Sert ve yumuşak güç unsurlarını birlikte kullanarak Suriye'de akan kanı durdurmaya çalıştık. Birleşmiş Milletler mekanizmalarını, Astana süreci başta olmak üzere yeni diplomatik kanalları devreye soktuk. Bütün bunların yanında terör örgütleriyle tek başımıza mücadele ettik. Terörü kaynağında kurutmak amacıyla bütün dünyayı karşımıza alarak teröre karşı çok güçlü askeri operasyonlar düzenledik. Bunları yaparken, savaştan, zulümden kaçan milyonlarca masuma da mazluma da kucak açtık. Ülkemiz bu mazlumlar için adeta güvenli bir liman oldu. Suriyeli kardeşlerimizin yaşadıkları mezalime dünyanın vicdanı olarak hep insani boyutta baktık. Dolayısıyla onlara sırtımızı dönmedik, dönemezdik de. Ne İslami ne insani olarak kabul edilebilecek böylesi bir tutum içerisinde olmadık, bu manada Suriyeli kardeşlerimize misafirperverliğimizi gösterdik. İnancımız ve komşuluk hukukumuz neyi gerektiriyorsa onu yaptık."

Altun, Cumhurbaşkanı Recep Tayyip Erdoğan'ın dün akşamki Kabine Toplantısı sonrasında yaptığı Millete Sesleniş konuşmasında dile getirdiği, "Bir dönem nüfusu 3 milyon 700 bine ulaşan, ancak şimdi sayıları 2,9 milyona düşen Suriyeli muhacirlere, 13 yıl boyunca biz ensarlık yaptık. Bunu da açık söylüyorum, yüksünerek, şikayet ederek değil, inancımızın ve komşuluk hukukumuzun gereği olarak memnuniyetle yerine getirdik. Bu emsalsiz misafirperverlik, insanlık tarihine altın harflerle yazılacaktır. Türkiye; zor bir dönemde, zor bir imtihanı alnının akıyla vermeyi başarmıştır." ifadelerini paylaştı.

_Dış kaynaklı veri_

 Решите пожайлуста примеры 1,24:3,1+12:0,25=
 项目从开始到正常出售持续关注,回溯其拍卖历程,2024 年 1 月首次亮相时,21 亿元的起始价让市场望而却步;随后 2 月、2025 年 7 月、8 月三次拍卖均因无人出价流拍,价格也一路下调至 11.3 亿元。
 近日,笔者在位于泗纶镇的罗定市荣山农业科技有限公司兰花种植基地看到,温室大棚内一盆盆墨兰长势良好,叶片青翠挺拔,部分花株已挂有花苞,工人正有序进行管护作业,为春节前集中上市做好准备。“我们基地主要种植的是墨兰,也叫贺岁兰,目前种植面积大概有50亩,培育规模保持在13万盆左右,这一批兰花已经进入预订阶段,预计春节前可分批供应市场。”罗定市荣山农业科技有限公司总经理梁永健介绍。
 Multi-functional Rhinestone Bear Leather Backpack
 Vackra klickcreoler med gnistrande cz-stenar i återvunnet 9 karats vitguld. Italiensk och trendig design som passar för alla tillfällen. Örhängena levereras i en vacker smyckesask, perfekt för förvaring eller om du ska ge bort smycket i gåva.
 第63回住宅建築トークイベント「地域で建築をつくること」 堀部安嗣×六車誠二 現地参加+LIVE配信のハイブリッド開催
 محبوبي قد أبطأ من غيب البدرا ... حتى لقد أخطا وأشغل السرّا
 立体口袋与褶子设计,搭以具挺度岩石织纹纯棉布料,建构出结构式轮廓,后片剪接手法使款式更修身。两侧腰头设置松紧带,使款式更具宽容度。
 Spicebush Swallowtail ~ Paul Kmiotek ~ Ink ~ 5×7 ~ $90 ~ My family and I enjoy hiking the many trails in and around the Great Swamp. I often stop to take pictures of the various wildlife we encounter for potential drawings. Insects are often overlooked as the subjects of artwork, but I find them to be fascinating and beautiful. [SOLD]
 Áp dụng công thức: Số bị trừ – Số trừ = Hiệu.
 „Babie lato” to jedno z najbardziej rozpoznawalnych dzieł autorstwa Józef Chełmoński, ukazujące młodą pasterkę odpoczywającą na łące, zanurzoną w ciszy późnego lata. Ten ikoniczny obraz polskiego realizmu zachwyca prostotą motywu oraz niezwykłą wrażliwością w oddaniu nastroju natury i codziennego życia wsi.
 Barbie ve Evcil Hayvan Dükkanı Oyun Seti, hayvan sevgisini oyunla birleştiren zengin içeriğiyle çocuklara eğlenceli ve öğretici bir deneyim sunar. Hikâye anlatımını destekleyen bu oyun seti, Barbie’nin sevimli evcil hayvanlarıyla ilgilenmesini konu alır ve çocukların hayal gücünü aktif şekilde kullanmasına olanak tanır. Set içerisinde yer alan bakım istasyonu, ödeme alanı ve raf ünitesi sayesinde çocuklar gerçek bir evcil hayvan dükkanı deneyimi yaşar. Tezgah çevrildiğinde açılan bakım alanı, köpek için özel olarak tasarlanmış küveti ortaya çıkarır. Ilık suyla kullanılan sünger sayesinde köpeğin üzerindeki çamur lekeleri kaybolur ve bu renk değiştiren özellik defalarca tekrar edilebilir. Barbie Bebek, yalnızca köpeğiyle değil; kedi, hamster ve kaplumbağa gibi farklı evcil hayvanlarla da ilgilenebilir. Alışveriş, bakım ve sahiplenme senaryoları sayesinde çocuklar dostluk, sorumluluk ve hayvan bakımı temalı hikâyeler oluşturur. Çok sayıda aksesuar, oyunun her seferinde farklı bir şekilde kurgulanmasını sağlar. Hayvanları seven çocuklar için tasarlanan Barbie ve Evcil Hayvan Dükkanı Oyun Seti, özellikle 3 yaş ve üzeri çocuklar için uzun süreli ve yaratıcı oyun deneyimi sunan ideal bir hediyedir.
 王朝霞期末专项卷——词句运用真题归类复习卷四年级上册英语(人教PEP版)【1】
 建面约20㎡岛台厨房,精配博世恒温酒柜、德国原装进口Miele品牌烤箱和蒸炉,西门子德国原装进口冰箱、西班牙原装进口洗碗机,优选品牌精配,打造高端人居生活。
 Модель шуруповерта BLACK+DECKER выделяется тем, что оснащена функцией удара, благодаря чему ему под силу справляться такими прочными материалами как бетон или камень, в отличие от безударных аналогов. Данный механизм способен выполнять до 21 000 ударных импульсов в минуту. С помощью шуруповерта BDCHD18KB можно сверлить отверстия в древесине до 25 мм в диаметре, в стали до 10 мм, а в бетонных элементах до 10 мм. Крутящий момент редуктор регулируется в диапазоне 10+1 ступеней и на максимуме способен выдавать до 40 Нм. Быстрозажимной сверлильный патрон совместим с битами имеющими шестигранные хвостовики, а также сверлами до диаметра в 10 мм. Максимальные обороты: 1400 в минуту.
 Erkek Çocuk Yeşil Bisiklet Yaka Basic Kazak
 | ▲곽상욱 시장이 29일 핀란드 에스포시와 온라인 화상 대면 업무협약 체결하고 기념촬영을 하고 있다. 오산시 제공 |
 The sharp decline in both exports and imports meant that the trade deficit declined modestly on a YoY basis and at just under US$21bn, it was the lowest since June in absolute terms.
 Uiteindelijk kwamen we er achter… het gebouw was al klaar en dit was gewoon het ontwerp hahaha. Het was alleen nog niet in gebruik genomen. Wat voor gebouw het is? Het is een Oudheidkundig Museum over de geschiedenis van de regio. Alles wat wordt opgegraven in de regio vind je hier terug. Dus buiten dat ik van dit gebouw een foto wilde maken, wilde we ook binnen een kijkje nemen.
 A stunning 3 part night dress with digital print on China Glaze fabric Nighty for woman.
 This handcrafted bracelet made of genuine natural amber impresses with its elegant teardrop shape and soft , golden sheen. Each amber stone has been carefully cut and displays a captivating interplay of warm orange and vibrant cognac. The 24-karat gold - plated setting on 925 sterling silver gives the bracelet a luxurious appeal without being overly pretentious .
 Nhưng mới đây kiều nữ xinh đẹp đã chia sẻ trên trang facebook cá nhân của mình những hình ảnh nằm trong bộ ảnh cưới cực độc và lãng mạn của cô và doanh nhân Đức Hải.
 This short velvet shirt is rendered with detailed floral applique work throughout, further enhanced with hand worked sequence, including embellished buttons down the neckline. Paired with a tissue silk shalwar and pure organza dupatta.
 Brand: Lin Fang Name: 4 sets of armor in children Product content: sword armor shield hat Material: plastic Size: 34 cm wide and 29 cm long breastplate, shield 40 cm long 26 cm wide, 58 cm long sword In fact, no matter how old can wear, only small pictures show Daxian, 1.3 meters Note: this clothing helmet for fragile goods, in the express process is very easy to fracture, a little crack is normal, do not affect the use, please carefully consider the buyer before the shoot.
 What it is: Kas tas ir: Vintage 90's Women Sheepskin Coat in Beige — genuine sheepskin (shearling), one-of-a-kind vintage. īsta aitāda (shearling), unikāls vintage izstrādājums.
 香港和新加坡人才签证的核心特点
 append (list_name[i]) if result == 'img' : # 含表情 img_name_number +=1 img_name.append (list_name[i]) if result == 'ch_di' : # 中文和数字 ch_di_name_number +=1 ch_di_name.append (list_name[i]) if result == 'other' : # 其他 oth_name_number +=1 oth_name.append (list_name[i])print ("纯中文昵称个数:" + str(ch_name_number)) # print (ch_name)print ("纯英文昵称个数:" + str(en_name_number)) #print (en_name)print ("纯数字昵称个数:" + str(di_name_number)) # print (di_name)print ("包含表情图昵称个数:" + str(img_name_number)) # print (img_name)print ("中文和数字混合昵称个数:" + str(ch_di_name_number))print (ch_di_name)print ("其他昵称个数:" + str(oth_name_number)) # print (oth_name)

Fahrettin Altun, Cumhurbaşkanı Erdoğan'ın, bütün dünyada bu onurlu duruşun, Türkiye'nin bu güçlü, haklı duruşunun temsilcisi olarak dün yaptığı konuşmada, çok güçlü, gururlu, net bir şekilde Türkiye'nin haklı pozisyonunu bütün dünyaya duyurmuş olduğunu söyledi.

Altun, "Suriyeli sığınmacıların onurlu, güvenli, gönüllü ve düzenli şekilde vatanlarına geri dönüşlerini temin etmek amacıyla hükümetimiz gerekli adımları atacaktır. Bizler bu noktada Türkiye olarak gönüllü, güvenli, onurlu ve düzenli gerçekleşecek bu dönüş sürecini de yine tarihimize, kültürümüze ve insanlık vicdanına yaraşır şekilde yöneteceğiz." ifadesini kullandı.

- "Barış, özgürlük ve adalet eksenli politikalarımızı sürdürmeye devam edeceğiz"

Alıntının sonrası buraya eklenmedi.